● **TASK OBJECTIVE**
Search the entries below for the word "from" and copy each line that has it.

● **GIVEN DATA**
- - -

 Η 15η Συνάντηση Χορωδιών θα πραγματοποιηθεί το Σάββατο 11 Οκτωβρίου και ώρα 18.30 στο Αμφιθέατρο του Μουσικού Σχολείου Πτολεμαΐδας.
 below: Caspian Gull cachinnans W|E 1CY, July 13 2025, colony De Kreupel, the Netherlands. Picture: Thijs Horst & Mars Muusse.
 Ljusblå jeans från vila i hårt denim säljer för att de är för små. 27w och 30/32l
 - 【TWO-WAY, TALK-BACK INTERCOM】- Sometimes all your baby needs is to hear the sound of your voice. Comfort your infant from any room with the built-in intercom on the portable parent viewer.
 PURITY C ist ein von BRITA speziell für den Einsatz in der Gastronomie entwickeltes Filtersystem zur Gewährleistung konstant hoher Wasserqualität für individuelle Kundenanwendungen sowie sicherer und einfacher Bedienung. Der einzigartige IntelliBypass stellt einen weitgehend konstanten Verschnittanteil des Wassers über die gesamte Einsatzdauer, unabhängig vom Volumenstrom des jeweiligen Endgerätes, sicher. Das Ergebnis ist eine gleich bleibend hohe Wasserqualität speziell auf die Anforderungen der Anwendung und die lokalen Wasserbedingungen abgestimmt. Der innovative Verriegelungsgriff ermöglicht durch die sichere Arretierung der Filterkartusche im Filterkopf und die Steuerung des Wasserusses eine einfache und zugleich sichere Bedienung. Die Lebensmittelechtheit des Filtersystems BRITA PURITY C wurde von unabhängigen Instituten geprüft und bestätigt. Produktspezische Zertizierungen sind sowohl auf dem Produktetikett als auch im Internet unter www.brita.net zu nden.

- - -

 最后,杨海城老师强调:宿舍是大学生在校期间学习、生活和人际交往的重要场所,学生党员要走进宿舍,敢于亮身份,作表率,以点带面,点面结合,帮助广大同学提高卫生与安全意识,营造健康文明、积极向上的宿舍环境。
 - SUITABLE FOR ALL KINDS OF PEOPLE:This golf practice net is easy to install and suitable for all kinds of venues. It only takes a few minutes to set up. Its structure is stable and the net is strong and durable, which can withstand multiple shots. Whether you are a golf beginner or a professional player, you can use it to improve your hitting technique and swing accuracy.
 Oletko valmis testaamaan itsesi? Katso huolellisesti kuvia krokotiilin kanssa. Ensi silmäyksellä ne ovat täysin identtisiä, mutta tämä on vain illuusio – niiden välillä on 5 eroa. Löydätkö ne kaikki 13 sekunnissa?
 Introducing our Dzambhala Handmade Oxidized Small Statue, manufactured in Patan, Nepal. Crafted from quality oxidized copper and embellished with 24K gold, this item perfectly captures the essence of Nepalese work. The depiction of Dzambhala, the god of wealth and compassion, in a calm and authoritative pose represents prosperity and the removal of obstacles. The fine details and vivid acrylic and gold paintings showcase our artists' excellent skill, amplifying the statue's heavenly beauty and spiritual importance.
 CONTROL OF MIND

- - -

● **ANSWER TO THIS TASK**
 - 【TWO-WAY, TALK-BACK INTERCOM】- Sometimes all your baby needs is to hear the sound of your voice. Comfort your infant from any room with the built-in intercom on the portable parent viewer.
 Introducing our Dzambhala Handmade Oxidized Small Statue, manufactured in Patan, Nepal. Crafted from quality oxidized copper and embellished with 24K gold, this item perfectly captures the essence of Nepalese work. The depiction of Dzambhala, the god of wealth and compassion, in a calm and authoritative pose represents prosperity and the removal of obstacles. The fine details and vivid acrylic and gold paintings showcase our artists' excellent skill, amplifying the statue's heavenly beauty and spiritual importance.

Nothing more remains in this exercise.